* Problem statement: Omit the images, then output each of the records below exactly.

* Material shown:

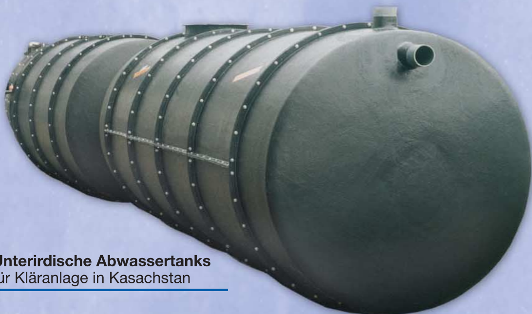
Unterirdische Abwassertanks für Kläranlage in Kasachstan
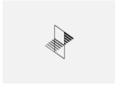
145-01200, F Zubehör für Demontage El. Modules für Lina145
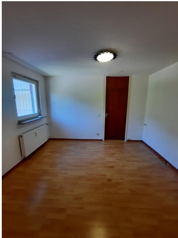
Kinder- oder Schlafzimmer
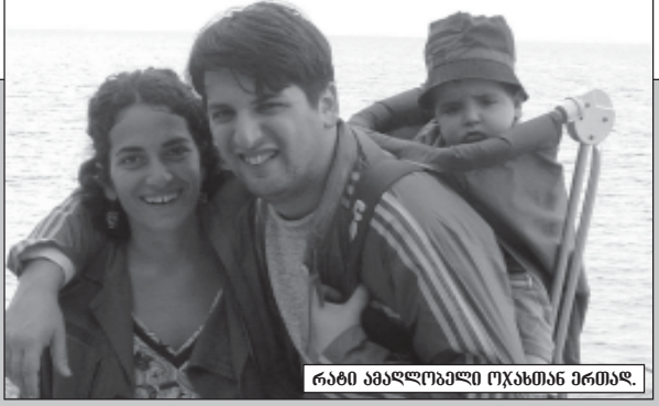
რამდენიმე საკითხი აქავე
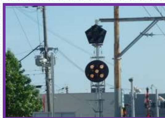
● 新設した運転士異常時列車停止装置
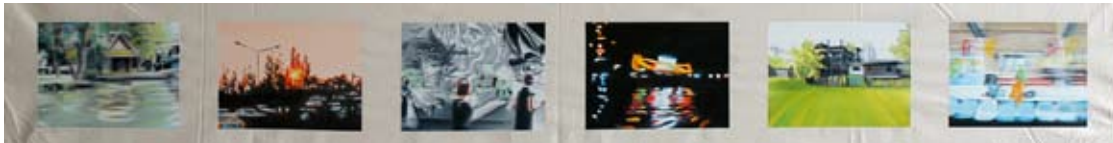
En route 2010 Huile sur toile 38 x 180 cm
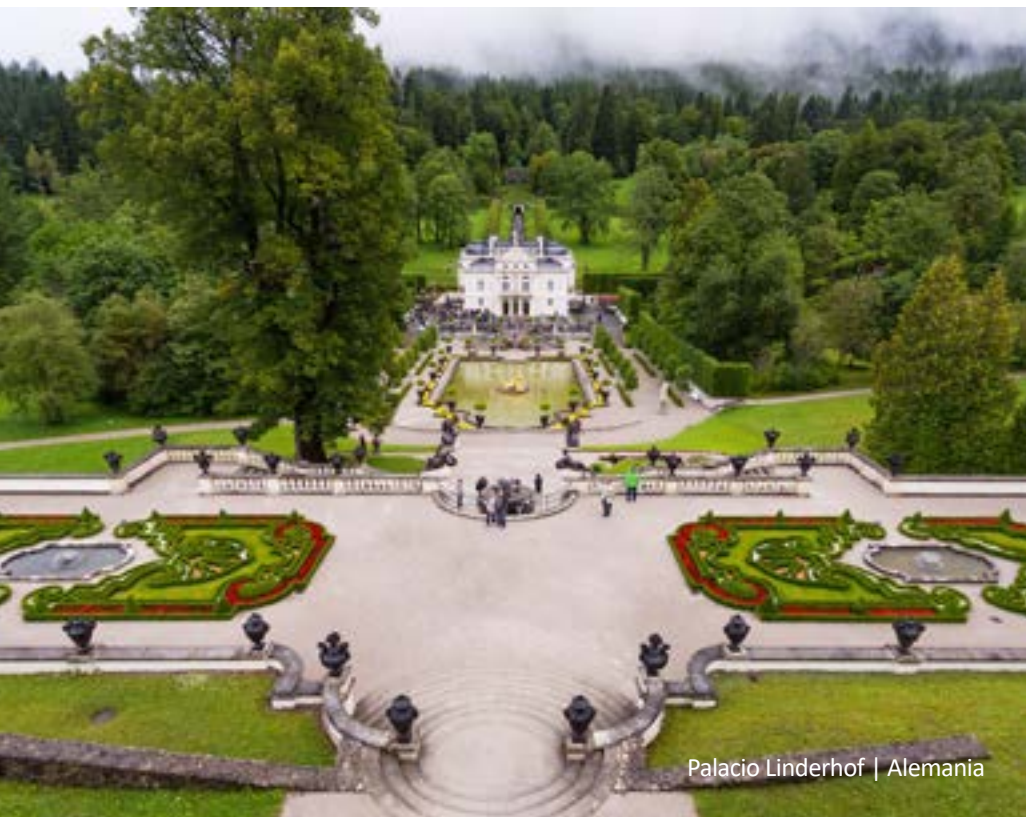
Palacio Linderhof | Alemania
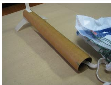
O módulo do minifoguete LAE-109 aonde ficam as empenas, motor, antichama e paraquedas.
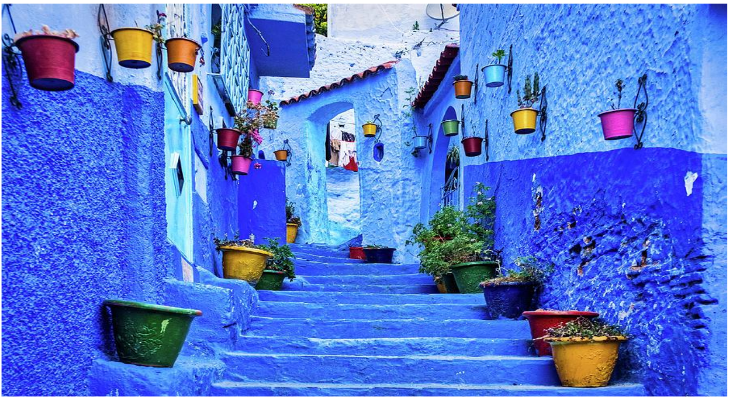
อิสระให้ท่านเดินถ่ายรูปตามอัชยาศัย
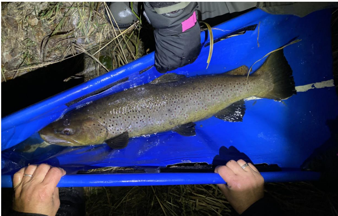
Bilde 7. Den største sjøauren som ble fanget under lysfiske i Kvernvasseelva høsten 2023, var en hannfisker på 77 centimeter.
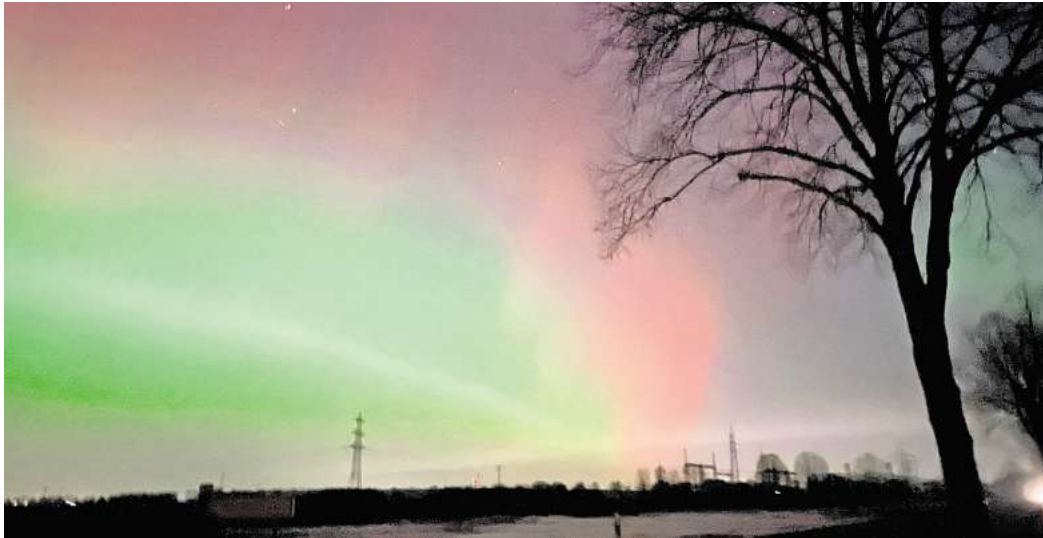
Eine Auswahl mit Polarlichtern von Bettina Hinz aus Sonnenberg/Vechelde.
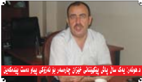
دههونه: یهک سال پاش پیکینانی خیزان چارهسهر بو نهزکی پیاو دست پندهکین
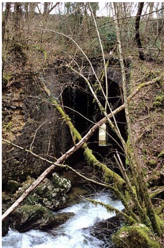
Pont sur le Lizon, depuis l'amont (nord).

39, Lavans-lès-Saint-Claude R.D. 470, lieudit : Lizon
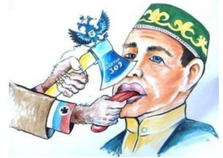
Лингвоцид по версии миллятчистов
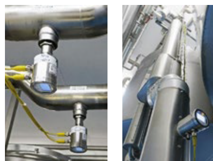
Versão remota ILM-4R
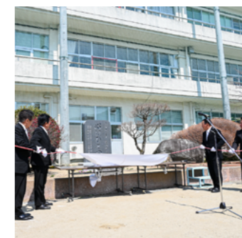
閉校記念碑の除幕式
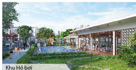
Khu Hồ bơi

* Answer box:
Unterirdische Abwassertanks für Kläranlage in Kasachstan
145-01200, F Zubehör für Demontage El. Modules für Lina145
Kinder- oder Schlafzimmer
რამდენიმე საკითხი აქავე
● 新設した運転士異常時列車停止装置
En route 2010 Huile sur toile 38 x 180 cm
Palacio Linderhof | Alemania
O módulo do minifoguete LAE-109 aonde ficam as empenas, motor, antichama e paraquedas.
อิสระให้ท่านเดินถ่ายรูปตามอัชยาศัย
Bilde 7. Den største sjøauren som ble fanget under lysfiske i Kvernvasseelva høsten 2023, var en hannfisker på 77 centimeter.
Eine Auswahl mit Polarlichtern von Bettina Hinz aus Sonnenberg/Vechelde.
دههونه: یهک سال پاش پیکینانی خیزان چارهسهر بو نهزکی پیاو دست پندهکین
Pont sur le Lizon, depuis l'amont (nord).

39, Lavans-lès-Saint-Claude R.D. 470, lieudit : Lizon
Лингвоцид по версии миллятчистов
Versão remota ILM-4R
閉校記念碑の除幕式
Khu Hồ bơi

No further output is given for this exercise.